__REQUIRED WORK__:
How many of the lines below include the word "This"? Only the number should be given.

__TASK INPUT__:
◆ ◆ ◆

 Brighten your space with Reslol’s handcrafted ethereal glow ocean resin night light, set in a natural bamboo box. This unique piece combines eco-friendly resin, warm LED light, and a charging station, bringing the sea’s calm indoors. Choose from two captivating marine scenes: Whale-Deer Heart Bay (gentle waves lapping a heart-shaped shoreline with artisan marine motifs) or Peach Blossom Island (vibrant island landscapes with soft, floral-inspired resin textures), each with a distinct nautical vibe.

◆ ◆ ◆

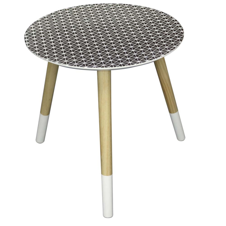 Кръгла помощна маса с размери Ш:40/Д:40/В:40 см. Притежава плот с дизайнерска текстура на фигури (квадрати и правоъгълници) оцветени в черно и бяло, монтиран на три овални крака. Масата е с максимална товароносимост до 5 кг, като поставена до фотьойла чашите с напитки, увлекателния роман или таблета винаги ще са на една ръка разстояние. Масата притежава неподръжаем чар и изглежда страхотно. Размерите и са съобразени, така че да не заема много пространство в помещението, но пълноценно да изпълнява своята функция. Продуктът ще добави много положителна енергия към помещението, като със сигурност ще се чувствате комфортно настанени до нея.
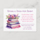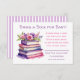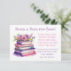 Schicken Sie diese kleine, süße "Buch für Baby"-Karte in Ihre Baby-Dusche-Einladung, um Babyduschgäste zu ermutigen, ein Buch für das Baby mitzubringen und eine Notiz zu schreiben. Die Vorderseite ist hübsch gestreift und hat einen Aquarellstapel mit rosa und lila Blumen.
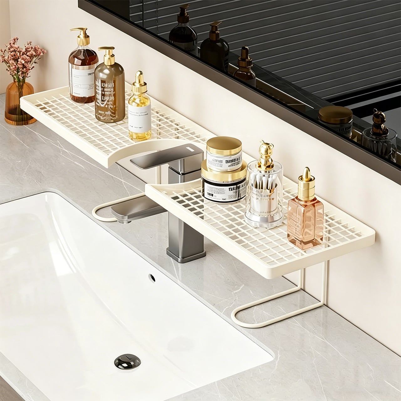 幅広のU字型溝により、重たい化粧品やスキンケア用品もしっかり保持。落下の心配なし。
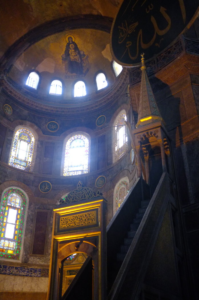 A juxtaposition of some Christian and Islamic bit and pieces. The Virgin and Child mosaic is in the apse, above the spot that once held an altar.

◆ ◆ ◆

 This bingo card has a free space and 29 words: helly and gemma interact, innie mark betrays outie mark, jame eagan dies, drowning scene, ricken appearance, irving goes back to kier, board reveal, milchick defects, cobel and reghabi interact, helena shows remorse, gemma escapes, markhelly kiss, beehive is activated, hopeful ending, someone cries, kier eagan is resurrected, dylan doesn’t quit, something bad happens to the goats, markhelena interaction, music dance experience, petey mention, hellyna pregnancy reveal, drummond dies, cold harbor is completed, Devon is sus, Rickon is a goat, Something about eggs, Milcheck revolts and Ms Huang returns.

◆ ◆ ◆

__EXERCISE ANSWER__:
2